Ioan, Mica, and I went out for happy hour the other night and some how we got onto the topic of searching for names in a database when you weren’t sure of the spelling. This is a pretty easy thing to do using soundex, which is a simple and fairly effective algorithm.
If you aren’t familiar with soundex, then you might want to read up on this wikipedia article before going any further.
There are a couple of different variations of the soundex algorithm, so if you are going to use it you need to be aware of the differences. The original version discards vowels before removing duplicate letters, and the newer enhanced version of the algorithm removes the duplicated before discarding vowels. This has the effect that some names will have a different soundex code depending on which version of the algorithm is used.
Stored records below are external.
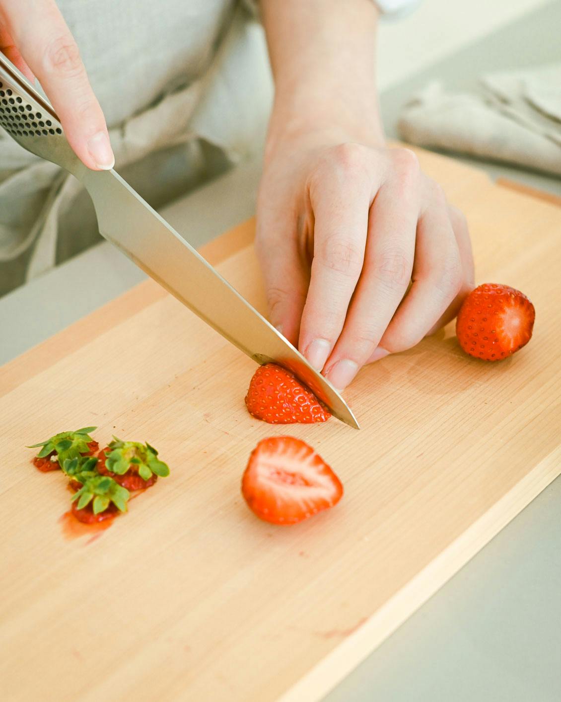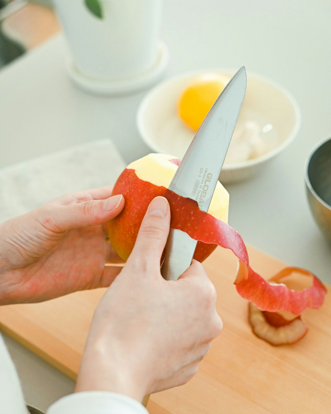 とにかく小回りが効くため、果物の皮剥きや飾り切りなどの細かい作業、小さな野菜や薬味をさっと切りたい時にとっても便利です。
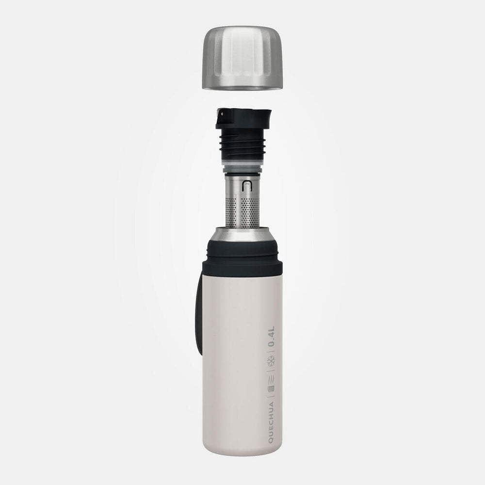 Muy aislante gracias a su doble pared de acero inoxidable, cuenta con tapón de apertura rápida que se abre con una mano, filtro de té extraíble, vaso doble pared y asa de transporte/0.4 L
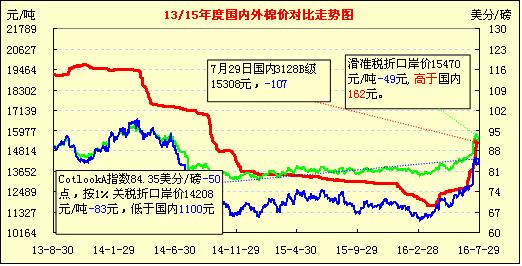 國(guó)內(nèi)外棉價(jià)對(duì)比圖表(07-29)
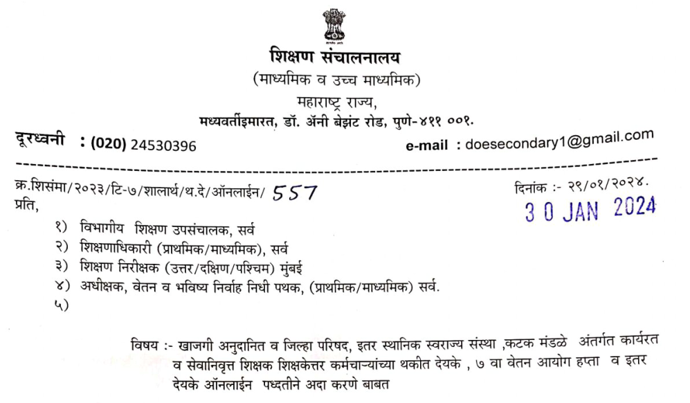 खाजगी अनुदानित व जिल्हा परिषद, इतर स्थानिक स्वराज्य संस्था, कटक मंडळे अंतर्गत कार्यरत व सेवानिवृत्त शिक्षक शिक्षकेत्तर कर्मचाऱ्यांच्या थकीत देयके, ७ वा वेतन आयोग हप्ता व इतर देयके ऑनलाईन पध्दतीने अदा करणे बाबत
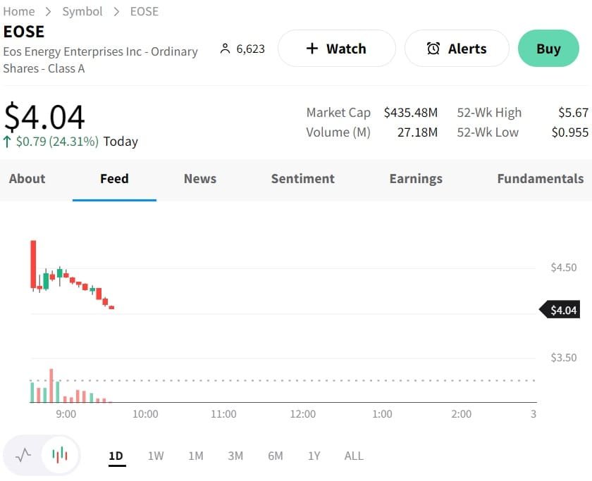 The complaint further reveals that Bridgelink Commodities, LLC, a significant Eos customer, was linked to a group whose assets were auctioned off following seizure by creditors. The situation casts doubts on Bridgelink’s purported commitment to purchasing Eos Energy’s products. Shares were up 24.31% on the news today.
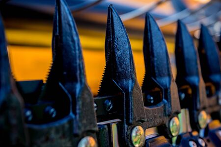 Agricultural harvesting industrial equipment concept. Agriculture machinery. Closeup of cutting chains

Lets look at a couple of examples on the command line using PHP and MySQL (PHP uses the enhanced soundex algorithm and MySQL uses the original):
php -r "echo soundex('nemo');"
N500
mysql
mysql> select soundex("nemo");
+-----------------+
| soundex("nemo") |
+-----------------+
| N000 |
+-----------------+
1 row in set (0.02 sec)
As we can see, these return different results, so we can’t use them interchangeably. Since we need MySQL’s help here, we’re going to have to do the entire comparison in MySQL. MySQL supports a special SOUNDS LIKE sytax which is the same as saying SOUNDEX(expression1) = SOUNDEX(expression2).
PHP and MySQL
$name = "nemo";
$sql = "SELECT * FROM customers ";
$sql .= "WHERE first_name SOUNDS LIKE '{$name}'";
$result = mysql_query($sql);
Ruby on Rails
While we’re at it let’s look at how to do it in Rails with an ActiveRecord model. Assuming we have a Customer model:
name = "nemo"
customers = Customer.find_all :conditions => ["first_name SOUNDS LIKE ?", name]
Really simple, but helpful stuff.